ScoMo: Australia failed the test

"Australia should be supporting Israel, as opposed to opposing Israel, as they shamefully did in the United Nations," said Scott Morrison.

Former prime ministers Boris Johnson and Scott Morrison address the UIA lunch. Photo: Giselle Haber
Former prime ministers Boris Johnson and Scott Morrison address the UIA lunch. Photo: Giselle Haber

Former prime minister Scott Morrison has described Australia’s voting in favour of a UN General Assembly calling for an immediate ceasefire in Gaza as shameful.

Morrison, along with his former UK counterpart Boris Johnson, addressed a UIA major donors lunch in Sydney last Thursday, following a trip to Israel last month in which they toured Gaza border towns that bore the brunt of Hamas’s heinous October 7 rampage.

Referencing the bipartisan motion that passed the Australian Parliament immediately after the attacks, Morrison recalled saying in Parliament at the time, “It is good that we passed this motion and we do so together, united as a Parliament.”

But, he said, “The test of Australia’s support for Israel was not on that day.

“The test for Australia’s support of Israel would come in the weeks and the months ahead when it got hard, when those who were standing with Israel would become fewer,” he said. “And sadly, Australia has failed that test, ultimately.

“Australia should be supporting Israel, as opposed to opposing Israel, as they shamefully did in the United Nations.”

Taking aim at the UN and Israel critics generally, Morrison said October 7 “has been completely dropped from the vernacular of the global debate”.

“And October 7 must be burned into the consciousness of our country and the world population just as the Jewish community globally has fought every single day since the liberation after the Second World War, to make sure that we’ll never forget what occurred during the Holocaust,” he said.

“October 7 similarly needs to be repeated over and over and over again. So it is never forgotten, is never cast aside.”

He said walking through Kfar Aza, “it was impossible to comprehend the inhumanity”.

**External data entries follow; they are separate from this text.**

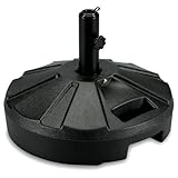 (More customer reviews)First, the holes in this item do not line up so we couldn't use screws to secure the pole section.Because there were open holes, we had to use duct tape to cover them so the sand wouldn't leak out.Then, within a week of use (and while the umbrella it was holding was CLOSED), the wind (on a sunny afternoon- not even storm-strength wind!) dragged this item across our patio- about 8 feet.In that 8 feet, several holes were worn in the bottom of the base before it tipped and cracked in half- so it is unable to hold sand any longer.We had a second umbrella in an older stand in the same area and that one stayed completely still.Find something else to hold your umbrella!!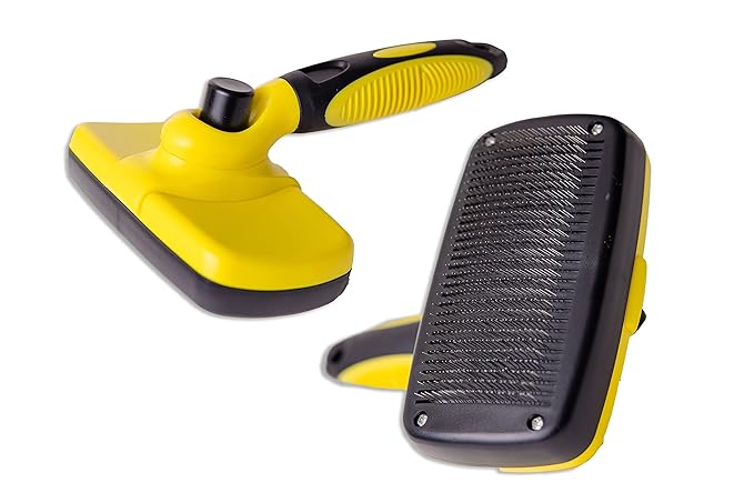 BarxBuddy Self Cleaning Slicker Brush for Dogs & Cats (Smooth & Gentle Bristles) Perfect Deshedding Tool For Long & Short Haired Dogs, Cats, Rabbits, and Other Pets Yellow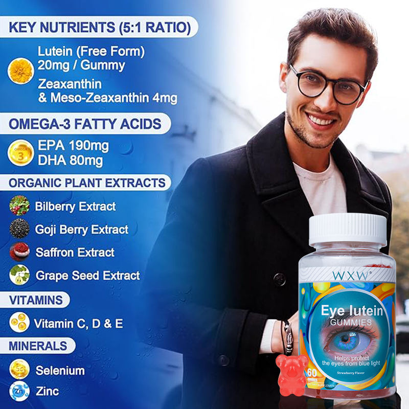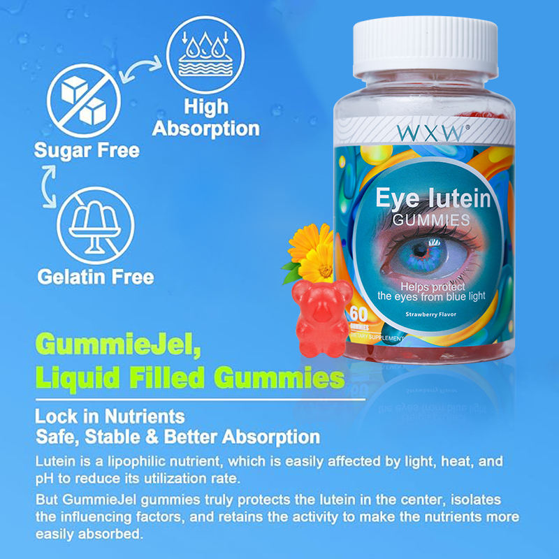อาหารเสริมเพื่อสุขภาพดวงตาของผู้ใหญ่ขนมเยลลี่ลูกอมรสสตรอเบอร์รี่รสชาติอร่อย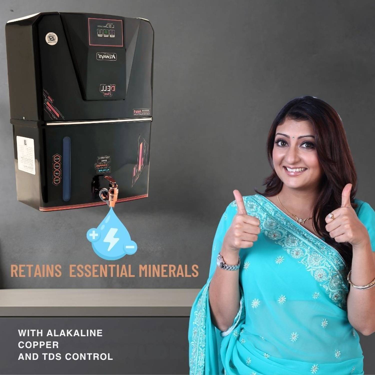 Always Dellpure Zinc Copper 9 Stage Purification Water purifier With LED INDICATOR 12 L RO + UV + UF + TDS + ALK + Copper Water Purifier (Black)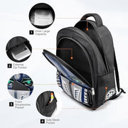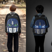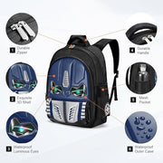 School Backpack for Boys Perfect School Backpack for Boys 5-9 Years OldSewing Robot Pattern School Backpacks for boys are sparkly, colorful & beautiful. Every kids loves it. A fashionable boys bag constructed with high quality Polyester and Oxford Cloth, sturdy yet lightweight. It will not add extra weight to kids' shoulders and back. A wonderful must have gift as school daily accessory. More Design DetailsLarge capacityAdjustable buckleErgonomic designSponge shoulder strap Perfect for school travel and gift. Note:Tap the eye to activate the flash.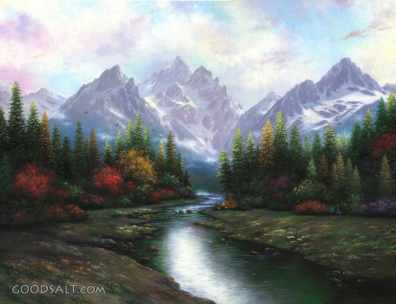 flow, flowing, cloudy, sky, mountain, cloud, river, tree, creek, stream, forest

“This was cold, calculated planned atrocity at a scale that I still can’t get my head around. The same type of planning, the same time of deliberate evil that Jews suffered during the Holocaust,” he said.

Morrison added that he is “deeply troubled” by what has been happening in Australia since October 7.

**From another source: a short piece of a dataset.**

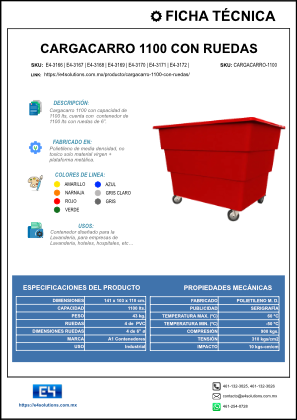 Sus 4 ruedas de 6" permiten una movilidad total con desplazamiento multidireccional, facilitando el transporte de cargas pesadas en pasillos angostos, rampas y zonas de alto tránsito sin esfuerzo. El diseño frontal inclinado hace que el vaciado manual sea rápido, ergonómico y seguro, reduciendo la fatiga del personal y optimizando los tiempos de trasiego. Disponible en siete colores para la identificación y organización de operaciones, este carro puede personalizarse con logotipos y leyendas, adaptándose a cualquier sistema de codificación interna.

“I’m deeply troubled about how my Jewish friends have felt isolated and abandoned,” he said.

“And so when Boris and I went to Israel, we went to say you’re not alone. We went to say we will always remember and we will always stand with you.”

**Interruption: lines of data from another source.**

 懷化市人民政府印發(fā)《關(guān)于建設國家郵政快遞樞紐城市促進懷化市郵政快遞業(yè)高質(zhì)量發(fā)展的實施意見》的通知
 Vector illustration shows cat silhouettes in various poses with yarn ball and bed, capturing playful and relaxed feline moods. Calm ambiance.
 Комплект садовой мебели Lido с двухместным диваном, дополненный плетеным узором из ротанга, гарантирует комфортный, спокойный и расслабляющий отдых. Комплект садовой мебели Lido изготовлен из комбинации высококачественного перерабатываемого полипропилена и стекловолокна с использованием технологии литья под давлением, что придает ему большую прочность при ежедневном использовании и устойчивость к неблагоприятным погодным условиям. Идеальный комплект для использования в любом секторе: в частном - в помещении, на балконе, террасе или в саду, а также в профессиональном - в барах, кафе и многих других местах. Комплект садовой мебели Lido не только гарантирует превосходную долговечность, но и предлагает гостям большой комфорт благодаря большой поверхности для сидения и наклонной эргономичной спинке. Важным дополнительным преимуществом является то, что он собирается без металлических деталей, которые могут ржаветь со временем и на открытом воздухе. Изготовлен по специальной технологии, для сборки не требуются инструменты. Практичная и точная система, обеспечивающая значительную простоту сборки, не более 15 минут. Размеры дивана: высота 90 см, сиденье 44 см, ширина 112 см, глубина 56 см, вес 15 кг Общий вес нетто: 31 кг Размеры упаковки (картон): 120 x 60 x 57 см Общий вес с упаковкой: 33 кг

Johnson noted that while in Israel, “every step of the way” he and Morrison “agreed so passionately” about the meaning of what they saw and the “vital importance” of using their platforms to explain it to people “who I think are totally misunderstanding it”.

“Since October 7 it’s as though a fog has come down in the minds of millions of otherwise sensible people … normally rational, decent human beings can no longer see which way is up, [it’s] as though they have lost all moral compass,” he said.

“There is a difference between a terrorist attacking civilians and a soldier trying to stop another such terrorist atrocity. And there’s a difference between a pluralist democracy with a tradition of free speech and adherence to equalities and human rights, and a nihilistic theocratic death cult.

“So what’s gone wrong with the world that so many people are now apparently oblivious to that distinction? What is it about Israel that brings this moral fog into the brain?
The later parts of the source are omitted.